### EXERCISE DESCRIPTION:
Only the lines in the entries below from the line with "トルコランプ モザイクランプ 直径13cm" to the line with "Uma cozinha atual, prática", both included, belong in the answer, transcribed exactly and without pictures.

### DATASET EXTRACT:
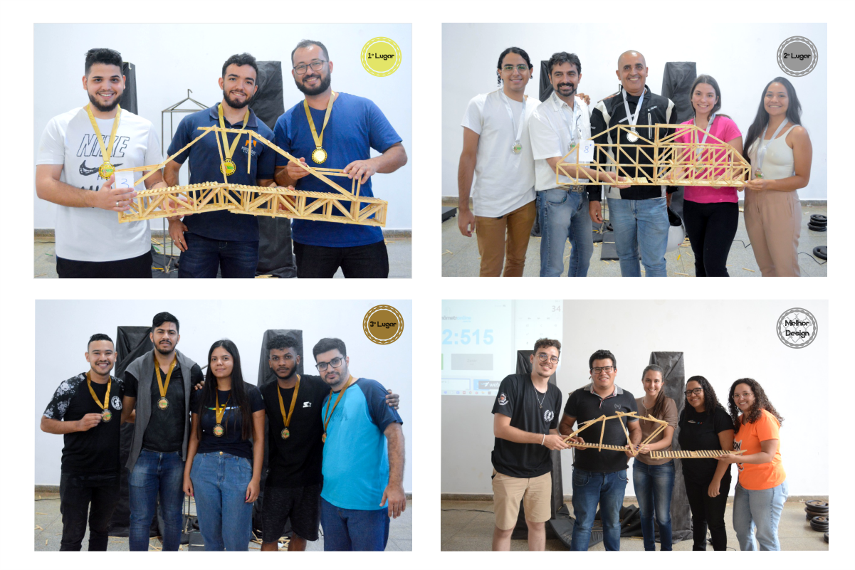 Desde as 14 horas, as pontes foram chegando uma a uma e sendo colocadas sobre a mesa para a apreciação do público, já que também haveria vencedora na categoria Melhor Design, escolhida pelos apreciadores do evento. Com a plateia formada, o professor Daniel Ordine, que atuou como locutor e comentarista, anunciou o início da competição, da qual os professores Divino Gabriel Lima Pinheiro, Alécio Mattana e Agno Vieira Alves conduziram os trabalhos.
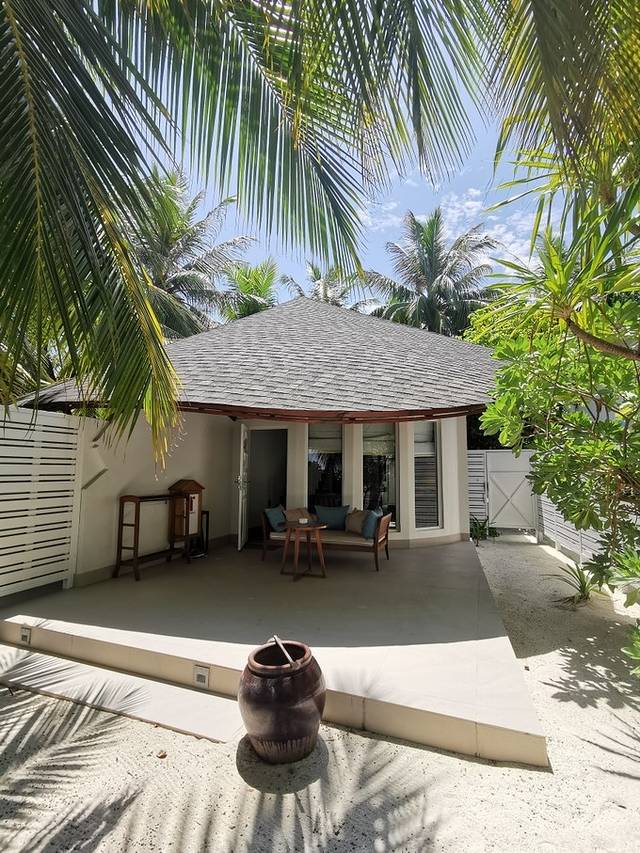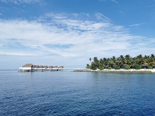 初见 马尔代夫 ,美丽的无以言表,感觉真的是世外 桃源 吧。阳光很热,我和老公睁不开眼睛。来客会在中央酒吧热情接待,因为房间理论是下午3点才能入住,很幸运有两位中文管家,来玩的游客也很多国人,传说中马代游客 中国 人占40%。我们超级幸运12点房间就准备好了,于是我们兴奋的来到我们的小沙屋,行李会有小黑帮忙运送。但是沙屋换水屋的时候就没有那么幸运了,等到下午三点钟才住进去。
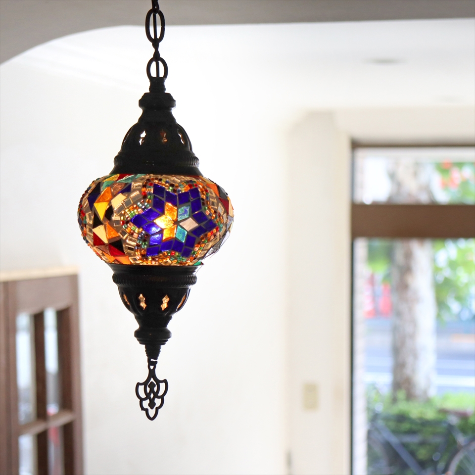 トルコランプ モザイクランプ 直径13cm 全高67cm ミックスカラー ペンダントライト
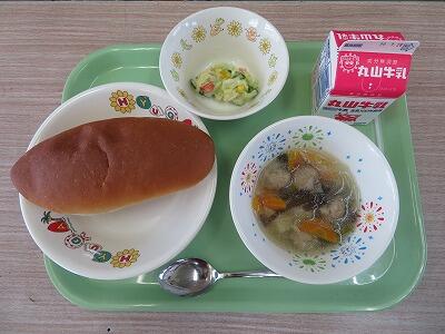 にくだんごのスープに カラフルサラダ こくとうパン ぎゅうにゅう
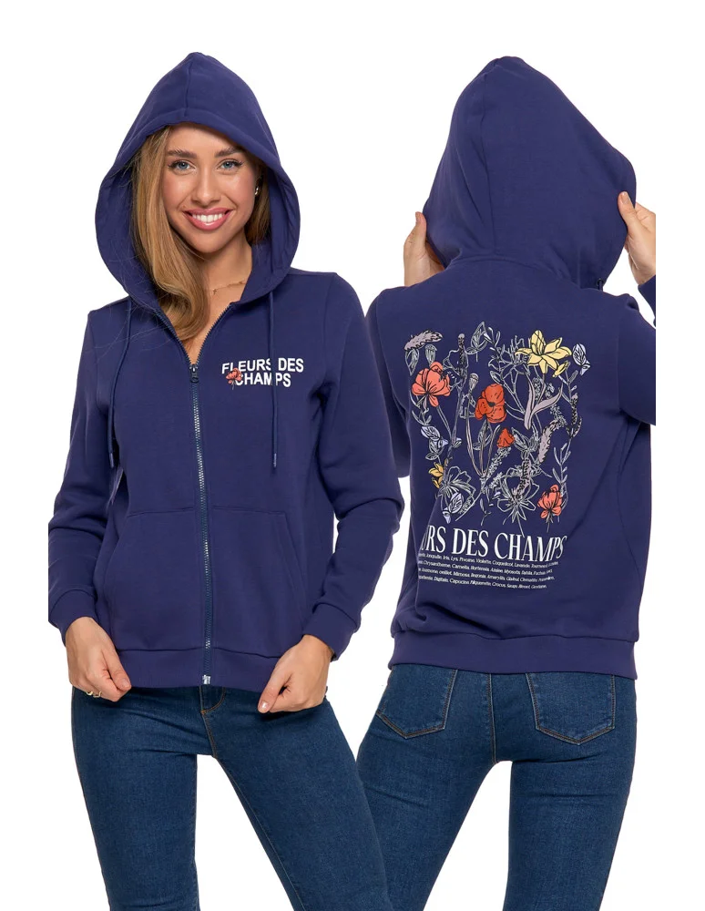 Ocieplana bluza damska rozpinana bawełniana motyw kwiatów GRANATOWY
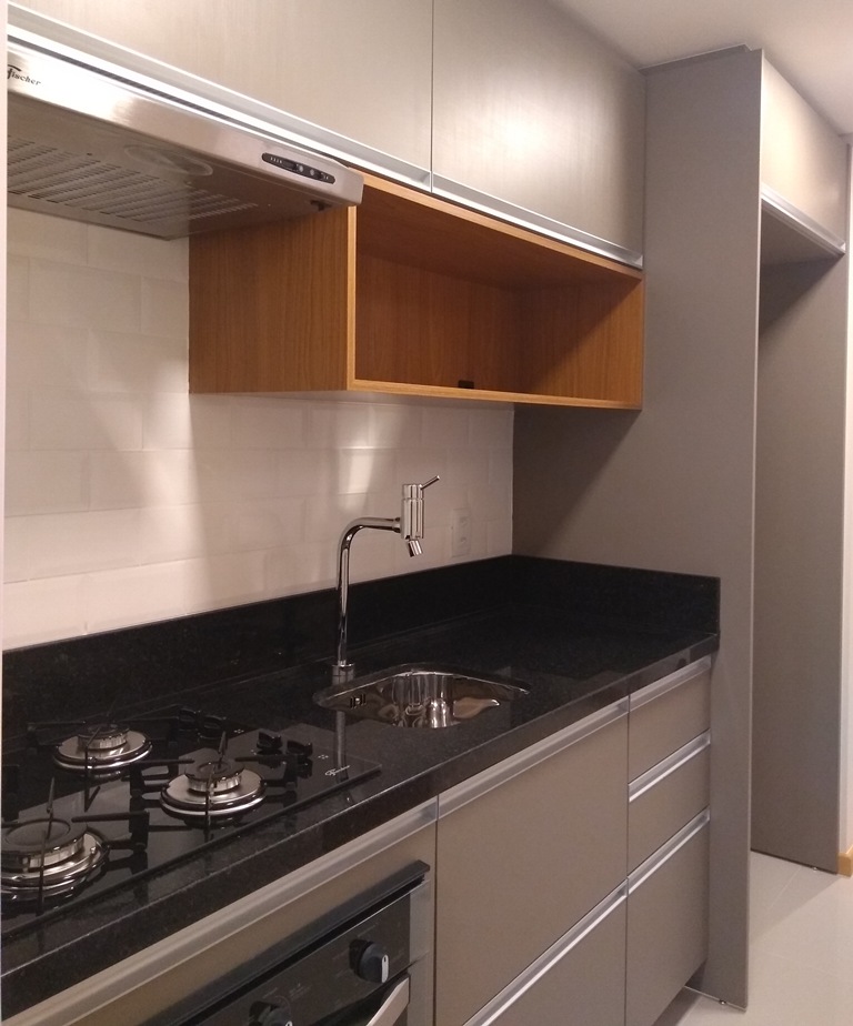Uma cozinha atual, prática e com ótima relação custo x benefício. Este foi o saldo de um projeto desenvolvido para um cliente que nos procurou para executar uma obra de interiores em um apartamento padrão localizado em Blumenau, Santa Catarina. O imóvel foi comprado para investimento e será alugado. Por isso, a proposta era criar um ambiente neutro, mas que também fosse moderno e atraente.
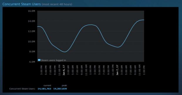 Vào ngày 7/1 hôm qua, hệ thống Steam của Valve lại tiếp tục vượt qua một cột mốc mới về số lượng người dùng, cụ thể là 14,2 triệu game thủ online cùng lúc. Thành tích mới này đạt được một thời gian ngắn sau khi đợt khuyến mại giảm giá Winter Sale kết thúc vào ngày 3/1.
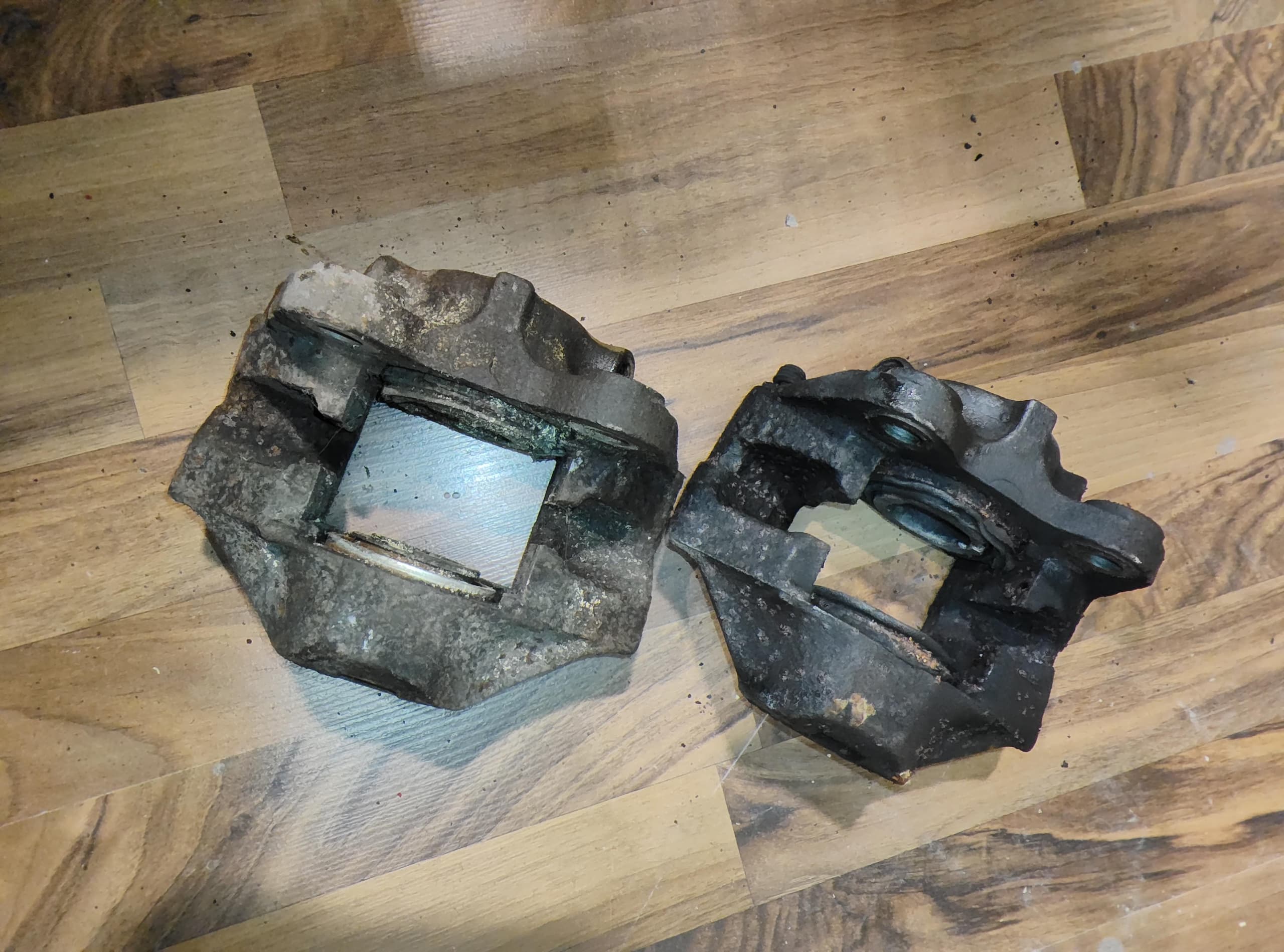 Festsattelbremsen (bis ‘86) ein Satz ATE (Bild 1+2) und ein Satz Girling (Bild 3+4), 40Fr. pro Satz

### OUTPUT BELOW:
 トルコランプ モザイクランプ 直径13cm 全高67cm ミックスカラー ペンダントライト
 にくだんごのスープに カラフルサラダ こくとうパン ぎゅうにゅう
 Ocieplana bluza damska rozpinana bawełniana motyw kwiatów GRANATOWY
Uma cozinha atual, prática e com ótima relação custo x benefício. Este foi o saldo de um projeto desenvolvido para um cliente que nos procurou para executar uma obra de interiores em um apartamento padrão localizado em Blumenau, Santa Catarina. O imóvel foi comprado para investimento e será alugado. Por isso, a proposta era criar um ambiente neutro, mas que também fosse moderno e atraente.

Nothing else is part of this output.